Do we really need more density? Alexandria is already the most densely populated jurisdiction in Virginia and all of the DC metro area. The Port City has more people per square mile than 7 of the 10 largest cities in the country, and our density ranks in the top 7% of the more than 300 U.S. cities with populations over 100,000.
Density advocates, including Mayor Wilson and City Manager Mark Jinks will tell you that density pays for itself. If that were so, why have residential property taxes increased five times faster than our population has over the past decade?
They are also promoting affordable housing, which appears to be a noble cause until you understand why and how they are going about it. It starts with Amazon’s concern that their new “HQ2” headquarters in Arlington will drive up housing prices and contribute to a further reduction of housing affordability.

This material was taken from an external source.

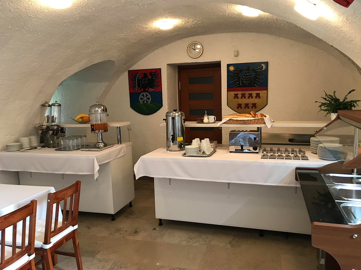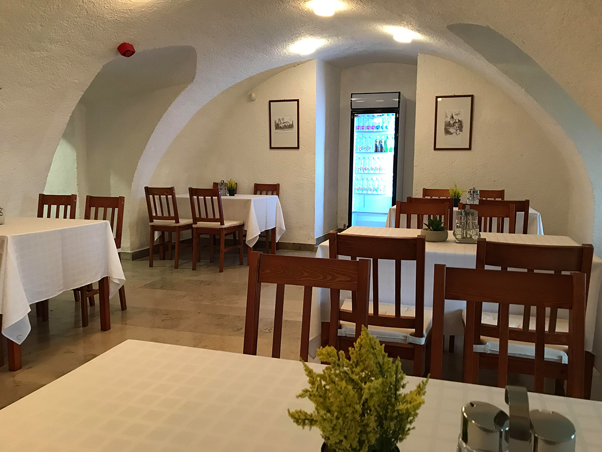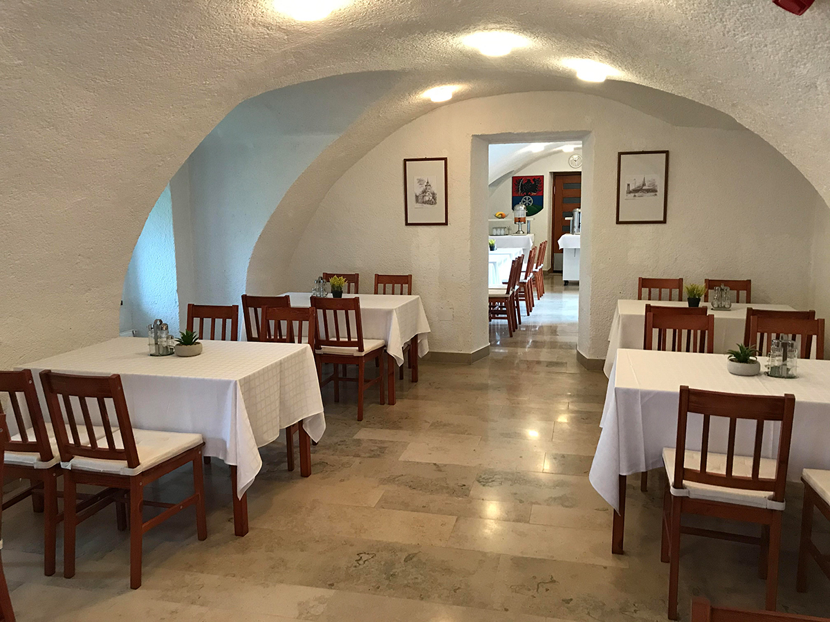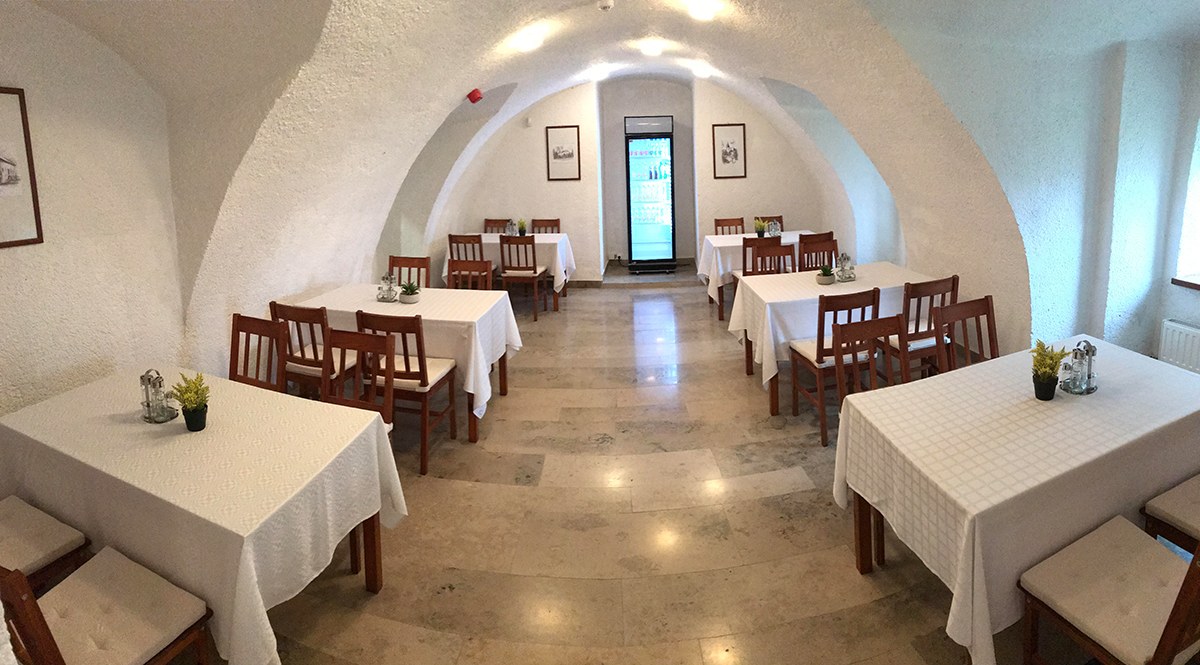 Az emeleti éttermet követően a Huszárvár Hotel földszinti éttermét mutatjuk be, amely szintén kiválóan alkalmas családi vagy céges rendezvény, összejövetel lebonyolítására. Létszám függvényében a két helyiség együttesen is bérelhető. A terem 50 m2, maximum 40 fő befogadására képes, ahol az alap terembérlésen kívül hideg és meleg étkezést is tudunk biztosítani előzetes egyeztetés alapján.

HQ2 was a principal reason that the Metropolitan Washington Council of Governments (MWCOG) set a goal to add 75,000 new housing units across the metro area within 10 years in order to keep the area affordable for people making 20-50% less than the area’s median income. But here’s the catch: MWCOG requested that Alexandria commit to 3% of that goal, reflecting our proportion of the region’s population. (By publication time, this commitment may have been formalized by a vote of City Council.) City officials will tell you that it’s for teachers, firefighters and cops (among others), but few would qualify based on income. And we don’t even know how many City employees would want to move here - beyond the 19% of them already living within our boundaries.
The bigger problem is we don’t have the land, transportation infrastructure, or potential school capacity to accommodate much more density. Other jurisdictions in the region have a lot more to work with. Fairfax County has only 26% of our density. Prince William and Loudoun have even less at 13% and 7% respectively. Even Arlington is less dense, although only somewhat less so than Alexandria.
We should have told the extra-governmental MWCOG, “We already gave at the office.” As well, we should have said, “You don’t represent the residents of Alexandria, so we will address housing and affordability in ways that make the most sense for our residents and taxpayers.” Meantime, owners of condos, townhouses and single family homes are being asked to pay an average of 6.4% more in property tax/fees in fiscal year 2021 (which begins on July 1st) making the city less affordable for those already living here. But that’s nothing new. As inflation has run at 1.5% in the DC area since 2011, the increase in property taxes/fees has averaged a whopping 4.5%!
Perhaps the City should focus less on making the city affordable to meet MWCOG’s dictate and to serve some number of yet undetermined new residents, and spend more time managing livability and tax affordability for the homeowners and renters who already live here.